# ABOUT THIS TASK
For the entries that follow, retype exactly the lines from the one containing "Village men performing" to the one containing "VIOLET TATUM The", inclusive, and only those. Images stay out of the copy.

# STUDY MATERIAL
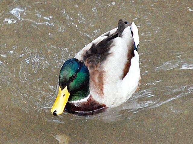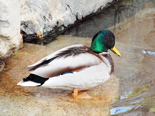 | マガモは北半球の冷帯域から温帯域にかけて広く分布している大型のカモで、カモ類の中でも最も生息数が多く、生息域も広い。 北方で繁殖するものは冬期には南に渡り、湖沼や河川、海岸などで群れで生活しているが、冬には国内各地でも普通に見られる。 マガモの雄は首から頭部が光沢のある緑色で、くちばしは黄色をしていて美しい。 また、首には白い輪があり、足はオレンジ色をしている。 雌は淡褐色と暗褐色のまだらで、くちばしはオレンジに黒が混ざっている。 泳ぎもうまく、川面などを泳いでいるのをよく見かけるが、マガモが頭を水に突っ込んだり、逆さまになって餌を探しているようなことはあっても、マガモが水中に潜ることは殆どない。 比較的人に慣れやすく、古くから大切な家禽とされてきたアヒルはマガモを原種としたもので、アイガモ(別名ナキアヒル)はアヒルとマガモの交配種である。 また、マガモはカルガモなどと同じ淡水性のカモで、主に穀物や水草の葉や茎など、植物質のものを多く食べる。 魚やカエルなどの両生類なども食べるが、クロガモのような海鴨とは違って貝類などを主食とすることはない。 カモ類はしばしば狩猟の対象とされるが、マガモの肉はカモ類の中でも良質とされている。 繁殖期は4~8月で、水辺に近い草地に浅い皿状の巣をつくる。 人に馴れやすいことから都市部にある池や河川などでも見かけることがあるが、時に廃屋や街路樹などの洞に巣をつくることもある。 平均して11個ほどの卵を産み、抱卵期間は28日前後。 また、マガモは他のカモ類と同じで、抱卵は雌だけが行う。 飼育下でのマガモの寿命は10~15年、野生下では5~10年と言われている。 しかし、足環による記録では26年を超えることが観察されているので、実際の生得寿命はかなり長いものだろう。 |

...

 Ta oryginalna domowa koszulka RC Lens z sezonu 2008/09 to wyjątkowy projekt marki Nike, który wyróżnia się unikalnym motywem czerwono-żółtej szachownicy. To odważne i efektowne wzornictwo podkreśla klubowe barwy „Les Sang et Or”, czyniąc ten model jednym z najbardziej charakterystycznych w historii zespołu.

...

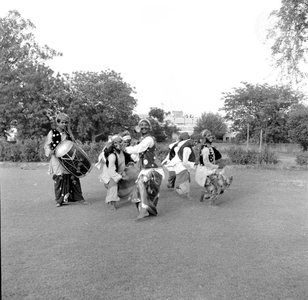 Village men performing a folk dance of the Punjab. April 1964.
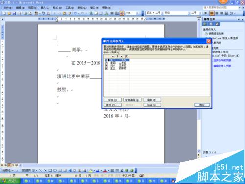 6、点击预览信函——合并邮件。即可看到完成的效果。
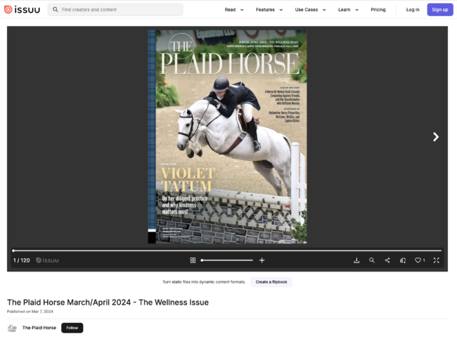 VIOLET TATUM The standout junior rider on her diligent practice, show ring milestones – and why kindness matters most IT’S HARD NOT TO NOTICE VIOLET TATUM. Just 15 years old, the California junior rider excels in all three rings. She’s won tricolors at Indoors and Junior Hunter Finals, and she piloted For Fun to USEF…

# RESPONSE BOX
 Village men performing a folk dance of the Punjab. April 1964.
 6、点击预览信函——合并邮件。即可看到完成的效果。
 VIOLET TATUM The standout junior rider on her diligent practice, show ring milestones – and why kindness matters most IT’S HARD NOT TO NOTICE VIOLET TATUM. Just 15 years old, the California junior rider excels in all three rings. She’s won tricolors at Indoors and Junior Hunter Finals, and she piloted For Fun to USEF…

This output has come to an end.